VIII.- Las costas de alzada se imponen al demandado Juan Mamani por haber resultado sustancialmente vencido (art. 68 del C.P.C.C.).
IX.- En consecuencia, y para el caso de que mi voto fuere compartido, propongo a mis colegas: 1) modificar la sentencia de grado elevando los montos concedidos por incapacidad sobreviniente al de $56.000, por daño moral al de $30.000 y por gastos por atención médica, farmacia radiografías y traslados al de $2000; 2) modificar la tasa de interés en los términos dispuestos en el considerando VII; 3) confirmar la sentencia de grado en todo lo demás que decide y ha sido materia de apelación y agravio; 4) Imponer las costas de alzada en los términos del considerando
VIII.- El Dr. Kiper, por las consideraciones expuestas por el Dr. Fajre, adhiere al voto que antecede. Con lo que se dio por terminado el acto firmando los señores Jueces por ante mí, que doy fe. FDO. José Benito Fajre y Claudio M. Kiper.

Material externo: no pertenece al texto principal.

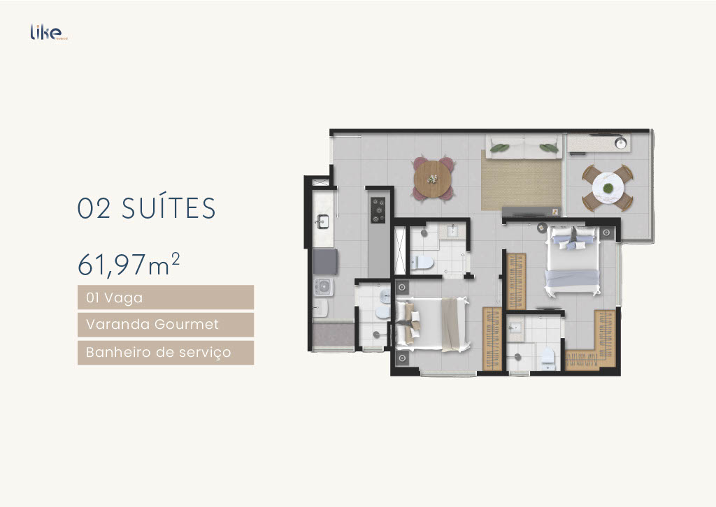 62,07 m² – 2 quartos, varanda gourmet, banheiro de serviço, 1 vaga de garagem
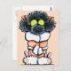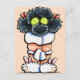 Engraçado desenho de Andie, ilustradora e criadora da Off-Leash Art™, de um Poodle preto vestido com roupão de pêssego, chinelos de coelho e fatias de pepino.
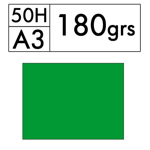 Paquete de 50 hojas A3 de cartulina color Verde Intenso de 180 gr. (hierba 13)
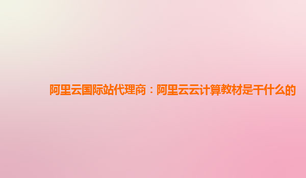 阿里云国际站代理商:阿里云云计算教材是干什么的 随着云计算技术的不断发展,越来越多的企业开始意识到云计算对于业务发展的重要性。阿里云作为全球领先的云计算服务提供商,凭借其强大的技术支持、丰富的产品体系

Buenos Aires, de noviembre de 2016.
Y VISTO, lo deliberado y conclusiones establecidas en el acuerdo transcripto precedentemente por unanimidad de votos, el Tribunal decide:
I.- modificar la sentencia de grado elevando los montos concedidos por incapacidad sobreviniente al de $56.000, por daño moral al de $30.000 y por gastos por atención médica, farmacia radiografías y traslados al de $2000; II.- modificar la tasa de interés en los términos dispuestos en el considerando VII; III.- confirmar la sentencia de grado en todo lo demás que decide y ha sido materia de apelación y agravio; IV.- imponer las costas de alzada en los términos del considerando VIII.
Regístrese, comuníquese a la Dirección de Comunicación Pública, dependiente de la CSJN (conf. Ac. 15/13), notifíquese y, oportunamente, devuélvase.
FDO. José Benito Fajre y Claudio M. Kiper.